Kendal railway station is a railway station serving the market town of Kendal in Cumbria, England. The station is owned by Network Rail and is operated by Northern Trains who provide all passenger train services.

History

The station opened on 28 September 1846 as the temporary terminus of the Lancaster and Carlisle Railway. Through trains operated from 20 April 1847 when the Kendal and Windermere Railway opened its line to Windermere.

The second platform at the station was taken out of use when the line was singled in May 1973. A car park now occupies the site of the demolished Oxenholme-bound platform, signal box and goods depot. The signal box was dismantled after closure and rebuilt at  on the Settle-Carlisle Line. The former station building survives but no longer forms part of the station itself (now in private commercial use).

Description

It is on the Windermere Branch Line from Oxenholme to Windermere. It is operated by Northern.
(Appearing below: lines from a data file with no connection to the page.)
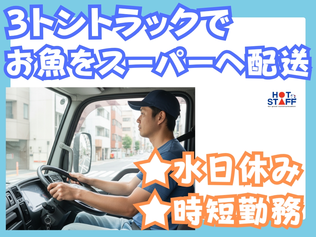 《3トントラックでお魚をスーパーなどへ配送♪》経験を活かせる/水日休み/ショートタイム/急募!
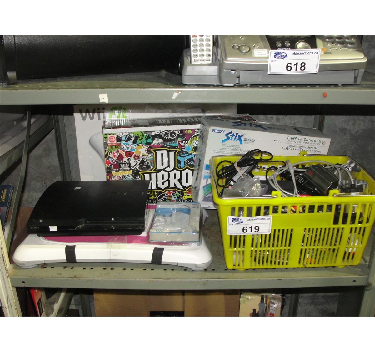 SHELF LOT INCLUDING WII FIT, SONY PLAYSTATION, MISC CAMERAS, DJ HERO AND OTHER ITEMS
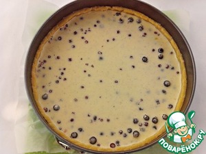 Вылить заливку на ягоду. Вилкой можно чуть-чуть придавить бортики вниз. Выпекать в разогретой (200С) духовке, 25-30 минут. Внимательно следите, чтобы бортики не подгорели. Если начнут подгорать, то нужно уменьшить температуру или переставить на нижний уровень. Готовый пирог остудить.
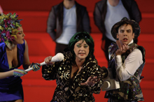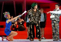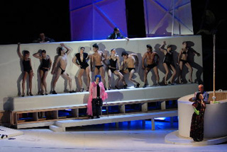 M. Simon (Jeanne Paul) e J. Piland (Maria Maria). Foto Eduard Straub Definita spiritosamente "modische Oper", l'ultima creazione di Giorgio Battistelli è un oggetto strano, quasi bicefalo. Non potrebbe essere partitura più battistelliana nell'articolata concezione musicale, nell'accurata e sontuosa tessitura orchestrale e nella riuscita fusione di materiali eterogenei (c'è anche del jazz), che sul piano vocale spaziano dallo Sprechgesang che spezza il declamato talora arricchito da ensemble che rimandano alle forme chiuse del melodramma tradizionale. Poco battistelliano invece il brillante ma esile libretto (regge appena i 75' di durata del lavoro), ricco di tutti gli stereotipi inevitabili, si direbbe, quando si parla di moda (nemmeno Altman riuscì ad evitarli del tutto nel suo "Prêt-à-porter"). Al centro di "The Fashion" c'è l'ultima sfilata della stilista milanese (!) Maria Maria nell'Hotel Five Seasons. C'è poi la frustrazione della cameriera Meli che, per desiderio di affermazione, si finge modello e ruba a Tarquin, top model e toyboy dell'egocentrica e fragile Maria, scena e amante. C'è, inevitabile, l'ambivalenza sessuale fra Mel/Meli e Maria ma soprattutto Max, il facchino, che le fa il filo da cameriera e che ne è fatalmente attratto anche dalla versione maschile. E c'è infine un'inattesa esplosione di violenza che vira in nero la commedia nel finale. Lo spettacolo di Michael Simon, anche autore della scena fra pop e concettuale, ha la leggerezza e i tempi di un musical e soprattutto resiste all'effetto facile. Cast azzeccato e adeguato fin nei ruoli minori. Da citare le protagoniste Jeanne Piland e Kristen Leich e gli ottimi caratteristi Tony Rizzi e Anton Skrzypiciel come Bow e Scrape. Ottimi gli strumentisti dei Düsseldorfer Symphoniker guidati da John Fiore, che offre una lettura solida e ricca di colori della partitura. Stefano Nardelli |
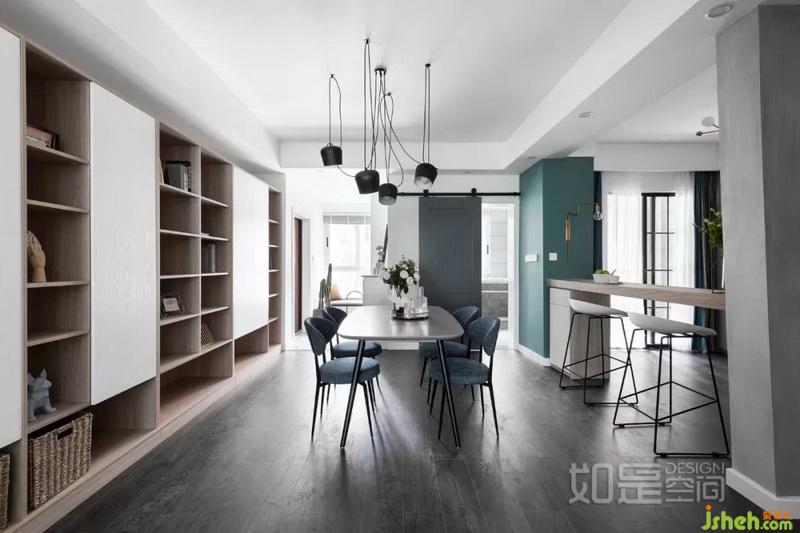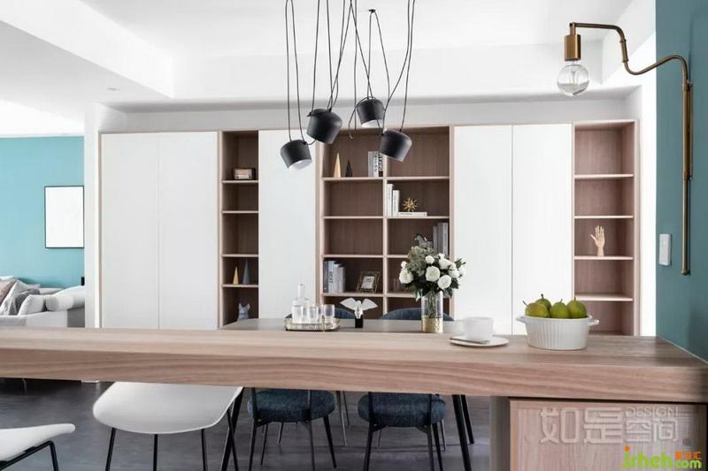 餐廳旁的過(guò)道很長(zhǎng),設(shè)計(jì)師在這里打造了一面局部開(kāi)放的的儲(chǔ)物柜,解決了長(zhǎng)期居住后的巨量收納需求,同時(shí)又顯得生動(dòng)活潑。兼顧了美觀及實(shí)用性。
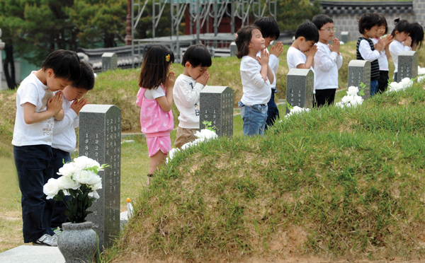 ▲ 5·18광주민주화운동 31주년 기념일을 하루 앞둔 17일 광주시 북구 운정동 국립 5·18 민주묘지에서 유치원생들이 참배하고 있다. (광남일보 제공) |
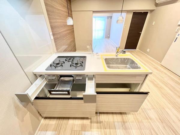 - 追焚機能,浴室乾燥機,システムキッチン,ウォークインクローゼット,トランクルーム,給湯,室内洗濯機置場,照明器具,宅配BOX,エアコン
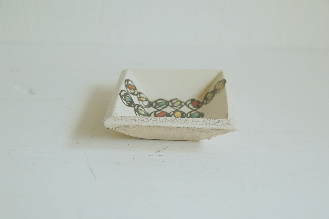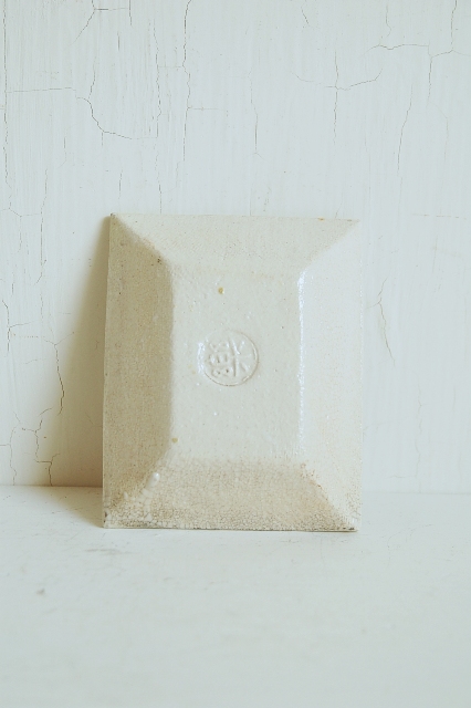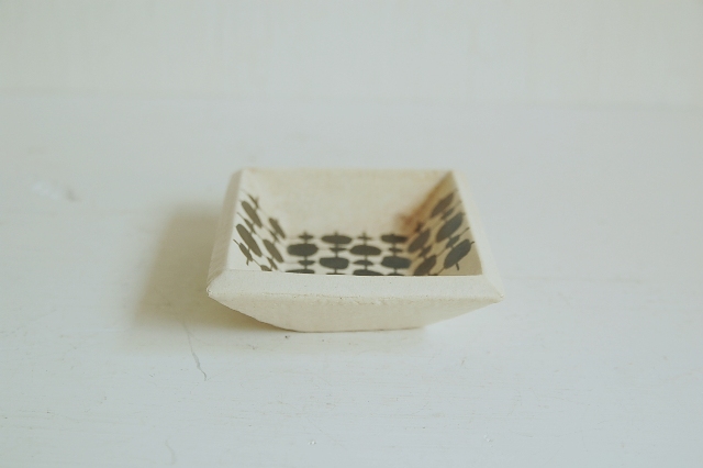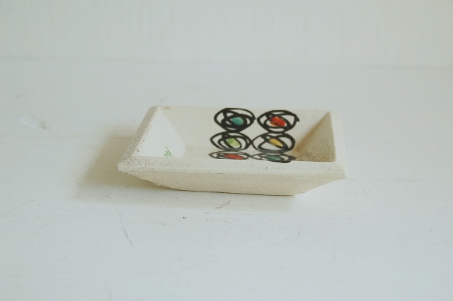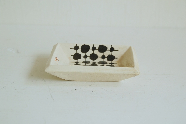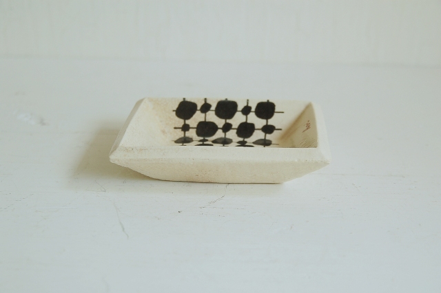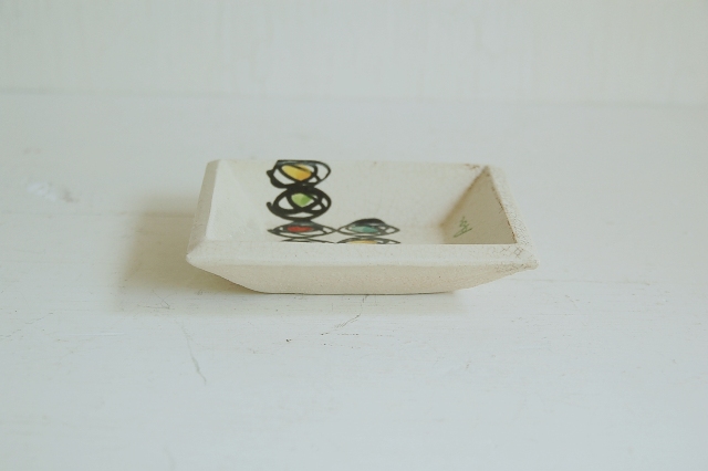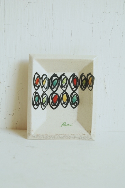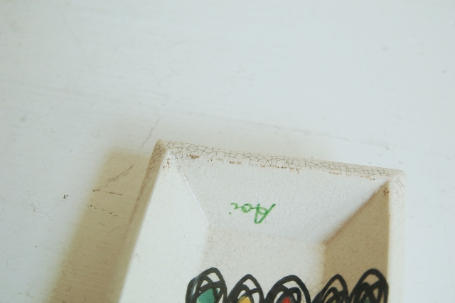 樂焼のモダンな図柄の小皿。「樂」らしくない珍しい品です。柔らかな樂特有の白い肌にモダンデザインを彷彿させる図柄です。絵付けの図柄には「Aoi」とローマ字でサインがあり、裏には「樂」の銘がはいっています。絵付けは誰なのかわかりませんがバランスやデザイン、発色も美しく古さを感じさせません。普段使いでも良いですし、飾り皿としても良いでしょう。
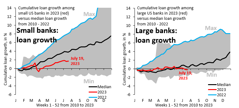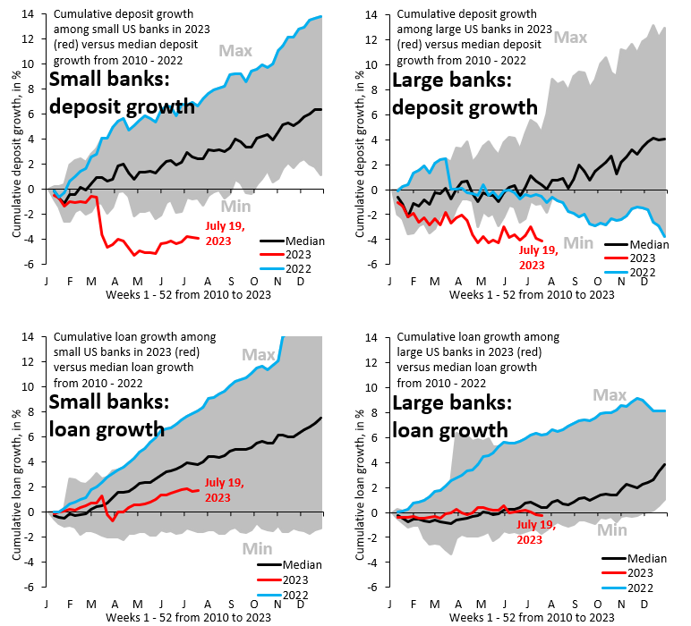 Các ngân hàng lớn hầu như đã siết chặt việc cho vay: con số tăng trưởng các khoản vay cộng dồn giao động xung quanh mức 0% (biểu đồ góc dưới bên phải).
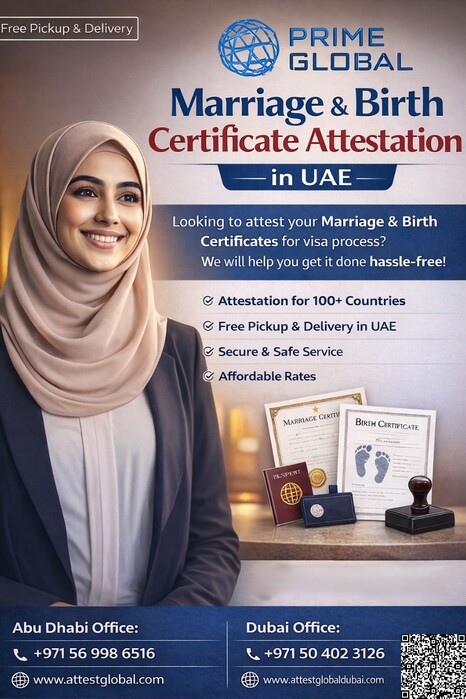 Whether it’s for visa applications, residency, or family sponsorship, proper attestation ensures your documents are recognized and legally valid. Prime Global Attestation services in abu dhabi, a leading attestation company in the UAE, specializes in providing smooth, reliable, and fast attestation services for marriage and birth certificates. With over 25,000 satisfied clients and a network covering more than 100 countries, Prime Global Attestation has become a trusted name for individuals and businesses alike. The attestation process involves several steps to verify and authenticate your documents. First, the certificate is verified by the issuing authority in your home country. Then, it goes through the Ministry of Foreign Affairs (MOFA) in the UAE for legalization. Finally, it may require embassy or consulate attestation depending on the country of origin. Prime Global Attestation services in abu dhabi guides clients through each step, ensuring accuracy and minimizing delays. Prime Global Attestation also offers free document pickup and delivery across the UAE, making the process hassle-free. Their experienced team handles all types of certificates, including marriage, birth, educational, and professional documents, with precision and professionalism. For anyone seeking secure and efficient attestation services in the UAE, Prime Global Attestation ensures peace of mind, timely delivery, and full legal compliance. Visit https://attestglobal.com or contact us on: +971 542649653 For more details, Attestation services in abu dhabi, Attestation services in dubai, Attestation services in uae, & Attestation services in uae Pictures Share this Ad | |
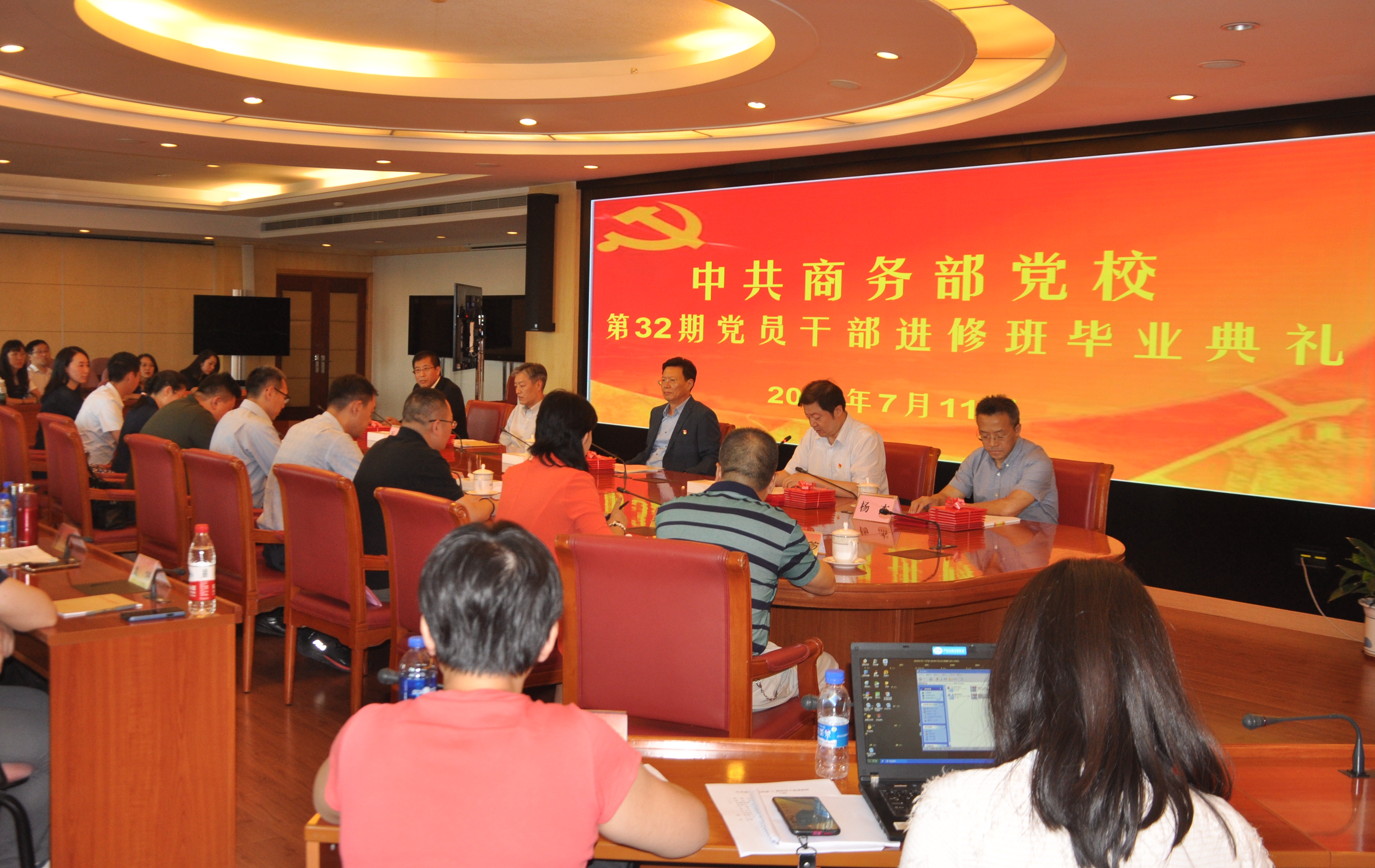 2019年7月11日下午,中共商务部党校第32期党员干部进修班毕业典礼在部机关举行,部党组副书记、副部长、国际贸易谈判副代表俞建华同志出席毕业典礼并发表重要讲话。
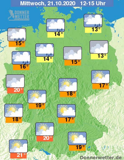 Die Temperaturen bewegen sich zwischen 13 und 16 Grad im Norden. In den übrigen Landesteilen werden mildere 17 bis 21 Grad erreicht, an den Alpen bei möglichem Föhndurchbruch vielleicht auch nahe 25 Grad.
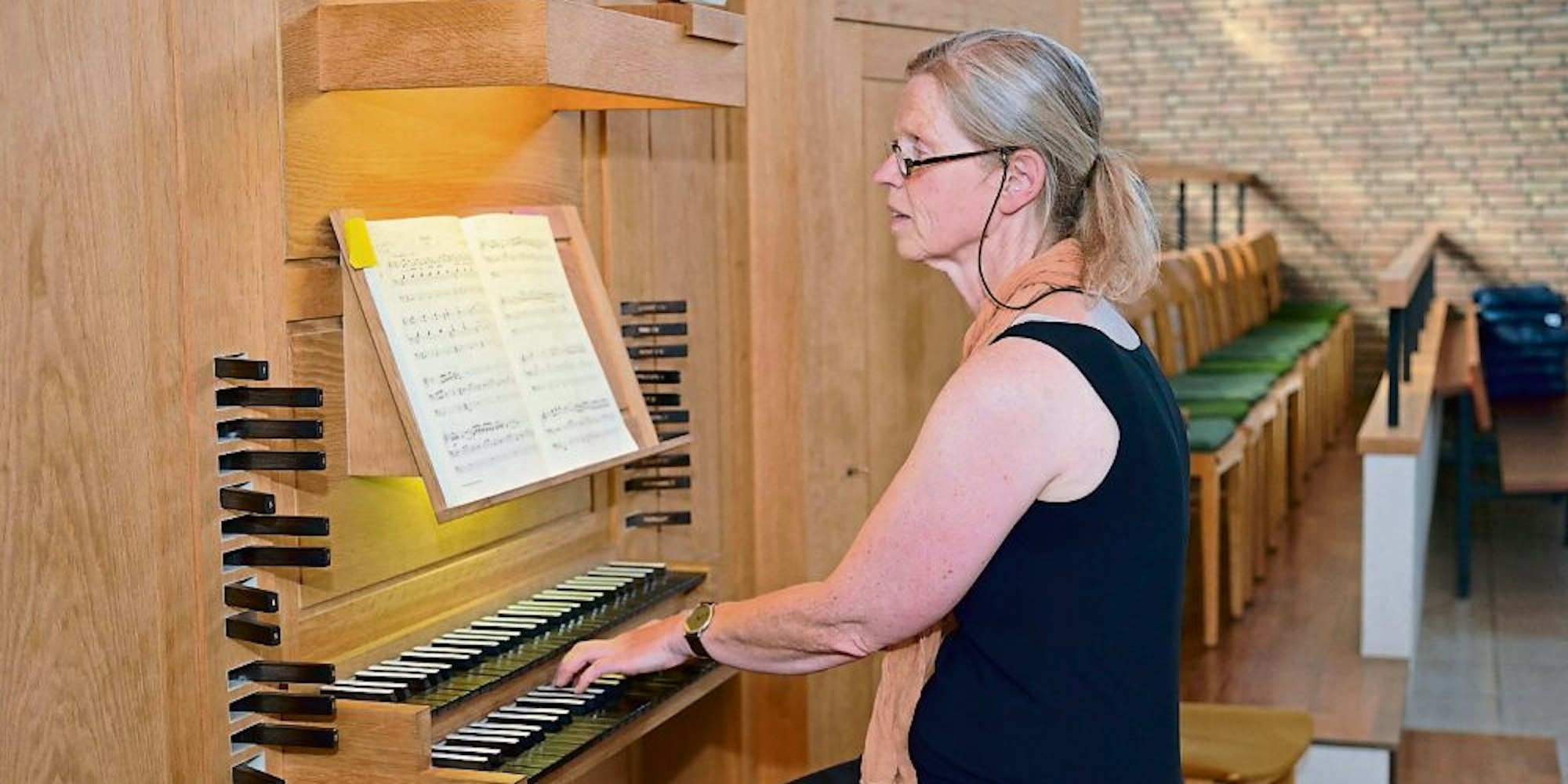 Doris Röskenbleck an ihrem Arbeitsplatz, der Orgel der Rösrather Versöhnungskirche.
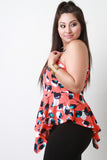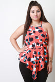 This chic plus size top features a rounded neckline, spaghetti straps, textured knit fabrication, abstract tulip print, cross back keyhole, peplum cut, with a pointed asymmetrical hemline. Accessories sold separately. Made in U.S.A. 96% Polyester 4% Spandex.
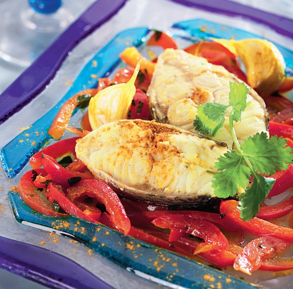 3. Apoi, într-un vas de cuptor, se pun ardeii si caţeii de usturoi în camasa, se asaza bucaţile de peste si se da vasul la cuptor pentru 15 minute.
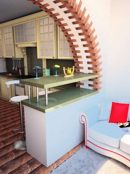 Эффектное и модное решение для квартиры-студии на границе кухни и гостиной; да и в солидных апартаментах с кухней и столовой оно придется к месту. В маленьких кухнях это еще и вариант разделочного или обеденного стола. Кроме столешницы там может быть полка для фужеров и стойка с хранилищем для напитков. А если основание достаточно широкое, то межкомнатная арка может быть предназначена и для установки встроенного винного шкафа-холодильника.
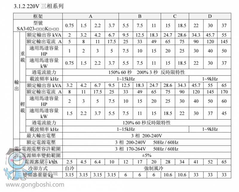產(chǎn)品簡規(guī): 高性能向量型 SA3系列變頻器
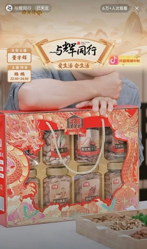 沃隆坚果与“与辉同行”强强联合,在直播间中推出财源滚滚、阖家悦礼、财运亨通等坚果礼盒,一时间成为消费者热议的焦点,掀起了一股购买热潮。
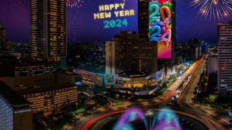 yang menampilkan drone light show, water mist, hingga video mapping 3D, di Bundaran HI, Jakarta, Minggu 31 Desember 2023.
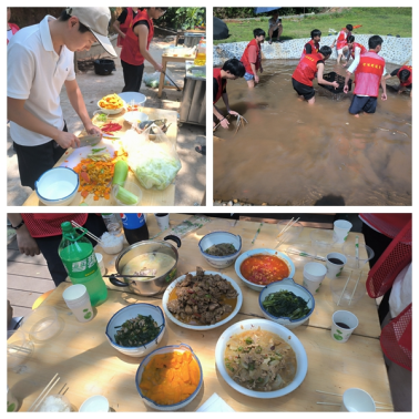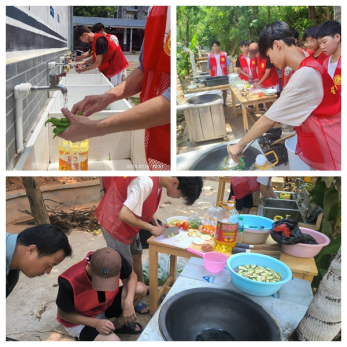 秉承“自己動手,豐衣足食”的勞動精神,午飯時間,實踐隊員們自己動手做飯,在身體力行中感悟勞動的價值。他們分工合作、秩序井然,在樹林中撿柴、撈魚、于灶臺處生火,洗菜、切菜、炒菜、洗碗......各個步驟進行得有條不紊。不一會兒,可口的飯菜就上桌了,生火做飯中蘊含著勞動的力量,正是隊員們的辛勤勞動,才有了飯桌前的菜肴。許多志愿者在用餐時不禁感嘆:“自己做的飯就是香”。
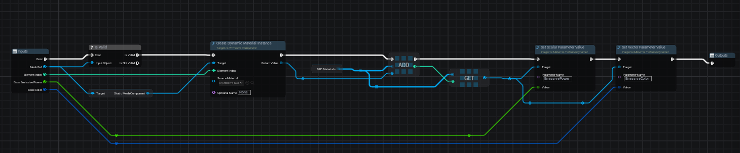 Create a Macro or Function (e.g., Setup MID) that handles the creation and configuration of Dynamic Material Instances. This macro should:
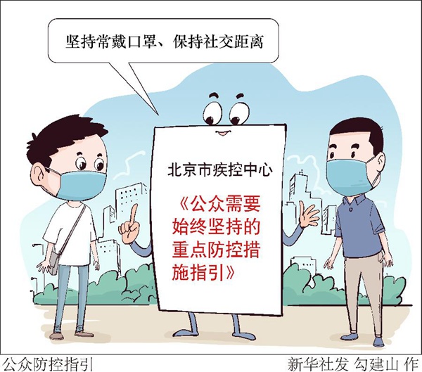 新華社北京(jing)6月27日電(dian)(記者俠克)北京(jing)市疾控中心日前發(fa)布《公眾需要(yao)始(shi)終(zhong)堅持的重點防控措施指引(yin)》,提示應堅持常(chang)戴口罩,保持社交距離,保持手衛生,配合做(zuo)好(hao)(hao)健康監(jian)測(ce),做(zuo)好(hao)(hao)飲食衛生,做(zuo)好(hao)(hao)日常(chang)清潔和(he)消毒。
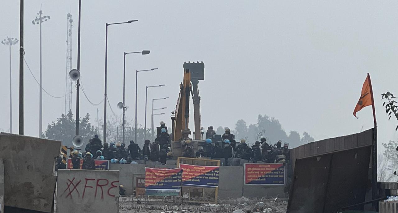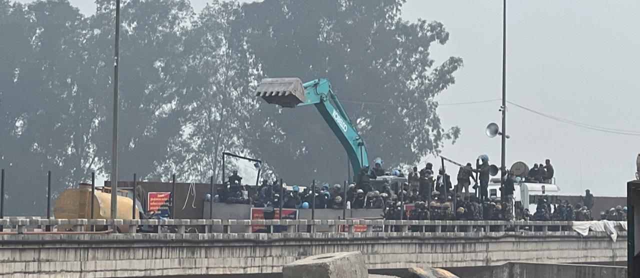 शंभू बॉर्डर: पोकलेन मशीन से बैरिकेड्स हटाते प्रदर्शनकारी

It only has one platform, which has a stone-built shelter.  The station is unstaffed: passengers must buy tickets in advance or from the conductor on board the train.  Train running information is provided via digital CIS displays, a customer help point and timetable posters.  Step-free access is available from the car park and main entrance to the platform.

The station is served by one train per hour in each direction between Windermere and Oxenholme, with some services running direct to . Passengers for most other destinations must change at Oxenholme.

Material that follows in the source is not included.